• _Task prompt_
Output all entries precisely and leave out the pictures.

[Stored items from a collection]
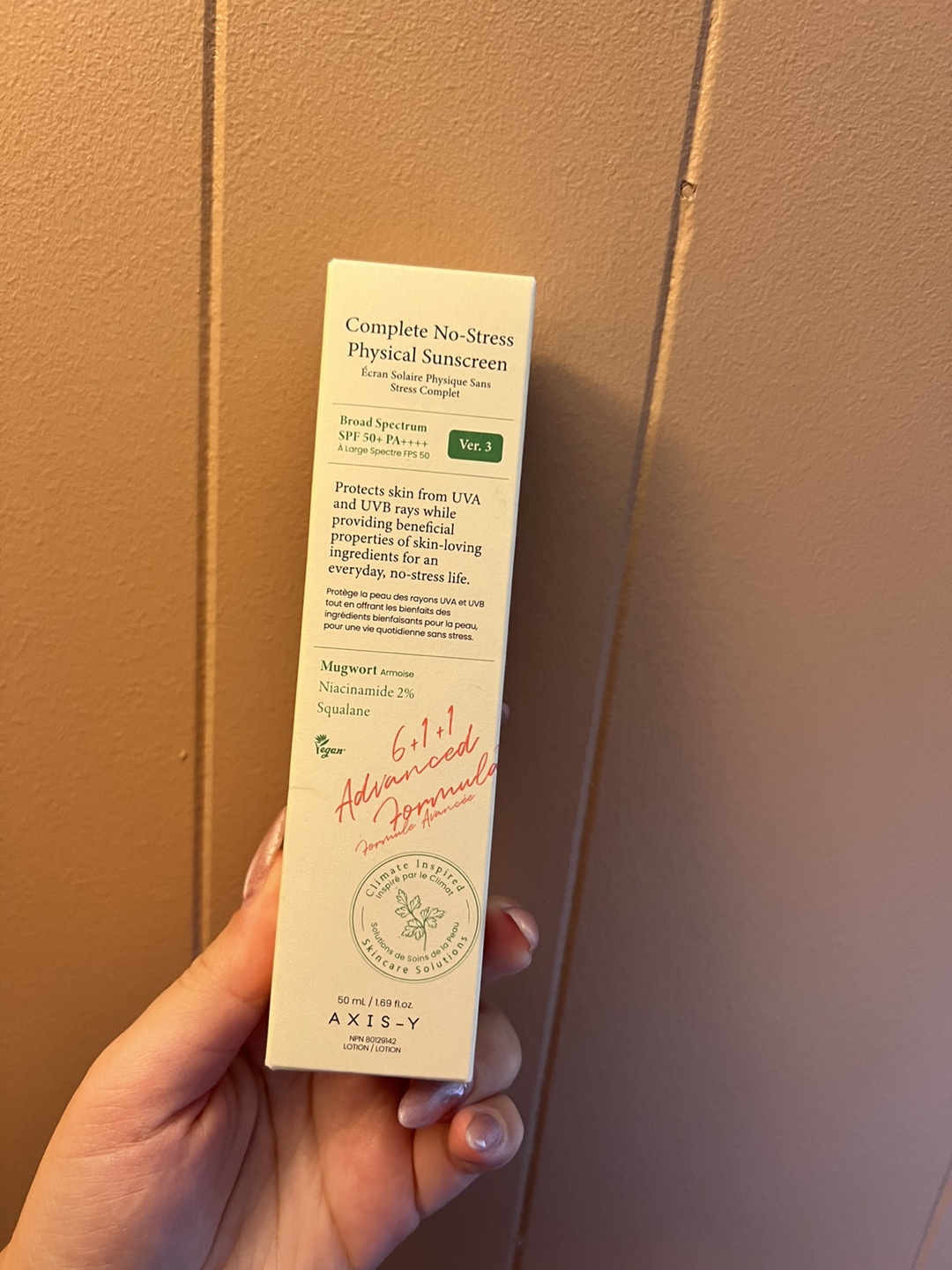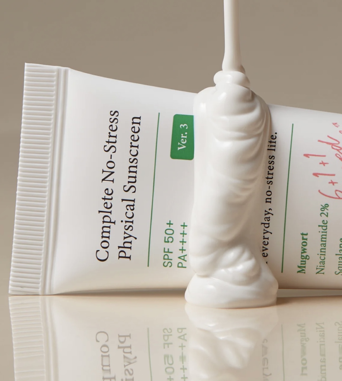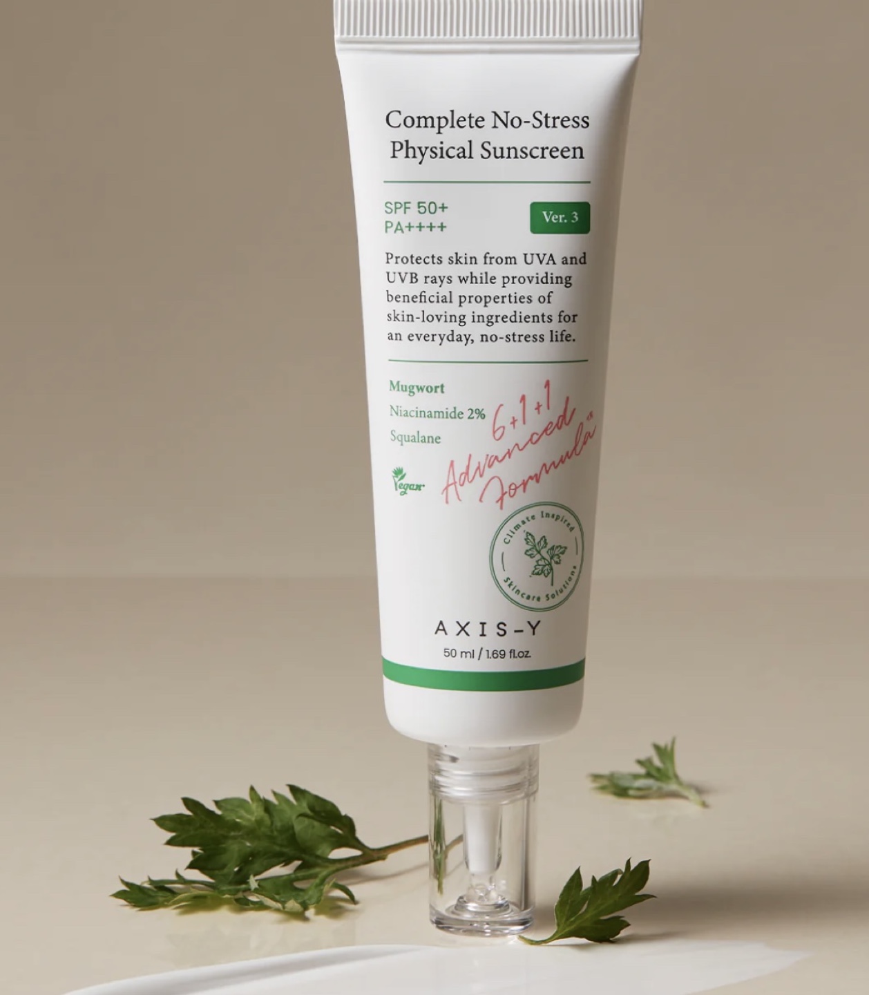Selling a tube of Axis-Y Complete No-Stress Physical Sunscreen! It's SPF 50+ PA++++ and contains beneficial properties from skin-loving ingredients for an everyday, no-stress life. Contains Mugwort, Niacinamide 2%, and Squalane. It's also vegan!
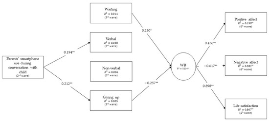 The effects of parents’ smartphone use through children’s behaviors in situations of technoference on children’s well-being: the results derived from testing the final model. Note: ** p < 0.01; * p < 0.05.
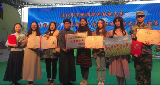 2017高茶2班孟远佳作为我院团体赛参赛作品《我的心上毛尖》的主泡茶艺师,代表学院获得茶艺团体赛银奖。本次大赛前三名由人社厅授予“贵州省技术能手”称号,我院陈悦沁、谢婷、张庆庚(管理系)为高级茶艺师持有者获得前五名,可以直接晋升为技师;冯霞为茶艺技师持有者获得前三名,可直接晋升为高级茶艺技师。
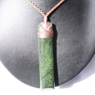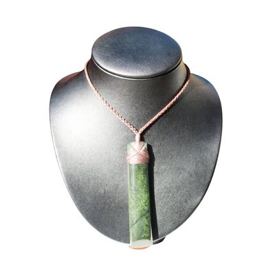 Comes with a brown plaited adjustable cord in a Kete bag
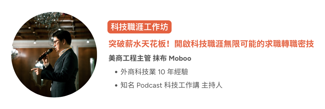 🎯 求職轉職秘訣大公開|知名 Podcast「科技工作講」主持人 Moboo 抹布,現場分享科技業求職轉職履歷準備、面試與談薪水密技!
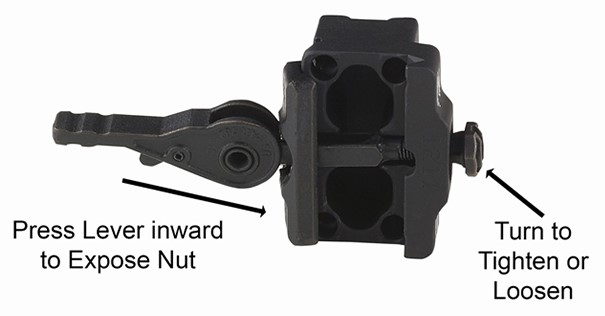 We recommend the tension on the throw lever to be set tight enough to secure the mount to the rail without any movement, but not so tight that you have to pry the throw lever open with a tool to remove the optic from the firearm. This is set by adjusting the tension in with the adjustment nut. You will want to feel resistance on the throw lever at about the 2/3rds closed position. Please ensure that the flats on the adjustment nut line up with the adjustment nut pocket in the mount itself. If the flats on the adjustment nut are not lined up correctly, the adjustment nut can become wedged in the pocket and seize up. To un-seize the adjustment nut, you will need to open the throw lever assembly completely and tap the throw lever with a rubber mallet. This will un-stick the adjustment nut from the pocket and allow you adjust the mount tension.
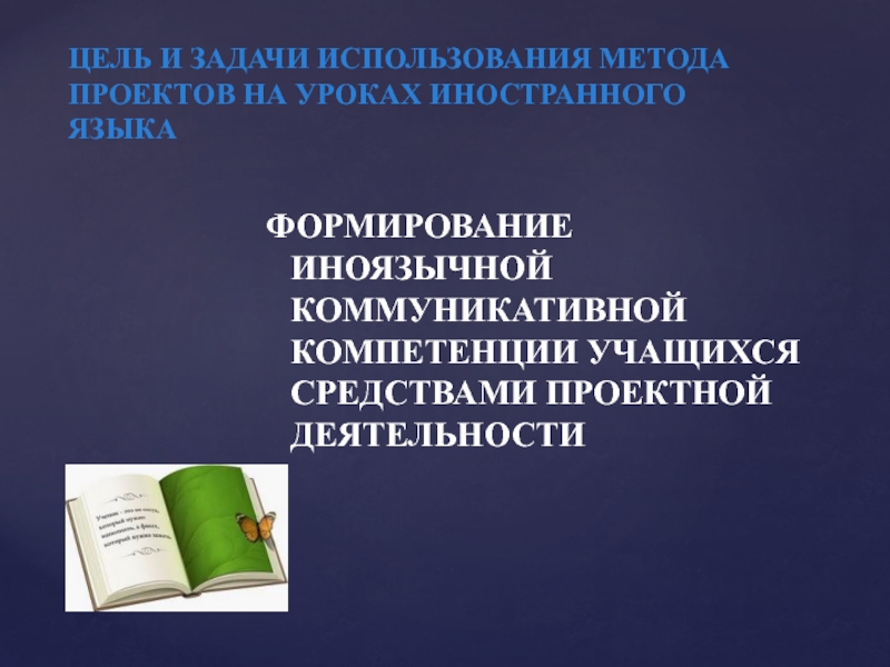 Слайд 16ЦЕЛЬ И ЗАДАЧИ ИСПОЛЬЗОВАНИЯ МЕТОДА ПРОЕКТОВ НА УРОКАХ ИНОСТРАННОГО ЯЗЫКА

• _Task result_
Selling a tube of Axis-Y Complete No-Stress Physical Sunscreen! It's SPF 50+ PA++++ and contains beneficial properties from skin-loving ingredients for an everyday, no-stress life. Contains Mugwort, Niacinamide 2%, and Squalane. It's also vegan!
 The effects of parents’ smartphone use through children’s behaviors in situations of technoference on children’s well-being: the results derived from testing the final model. Note: ** p < 0.01; * p < 0.05.
 2017高茶2班孟远佳作为我院团体赛参赛作品《我的心上毛尖》的主泡茶艺师,代表学院获得茶艺团体赛银奖。本次大赛前三名由人社厅授予“贵州省技术能手”称号,我院陈悦沁、谢婷、张庆庚(管理系)为高级茶艺师持有者获得前五名,可以直接晋升为技师;冯霞为茶艺技师持有者获得前三名,可直接晋升为高级茶艺技师。
 Comes with a brown plaited adjustable cord in a Kete bag
 🎯 求職轉職秘訣大公開|知名 Podcast「科技工作講」主持人 Moboo 抹布,現場分享科技業求職轉職履歷準備、面試與談薪水密技!
 We recommend the tension on the throw lever to be set tight enough to secure the mount to the rail without any movement, but not so tight that you have to pry the throw lever open with a tool to remove the optic from the firearm. This is set by adjusting the tension in with the adjustment nut. You will want to feel resistance on the throw lever at about the 2/3rds closed position. Please ensure that the flats on the adjustment nut line up with the adjustment nut pocket in the mount itself. If the flats on the adjustment nut are not lined up correctly, the adjustment nut can become wedged in the pocket and seize up. To un-seize the adjustment nut, you will need to open the throw lever assembly completely and tap the throw lever with a rubber mallet. This will un-stick the adjustment nut from the pocket and allow you adjust the mount tension.
 Слайд 16ЦЕЛЬ И ЗАДАЧИ ИСПОЛЬЗОВАНИЯ МЕТОДА ПРОЕКТОВ НА УРОКАХ ИНОСТРАННОГО ЯЗЫКА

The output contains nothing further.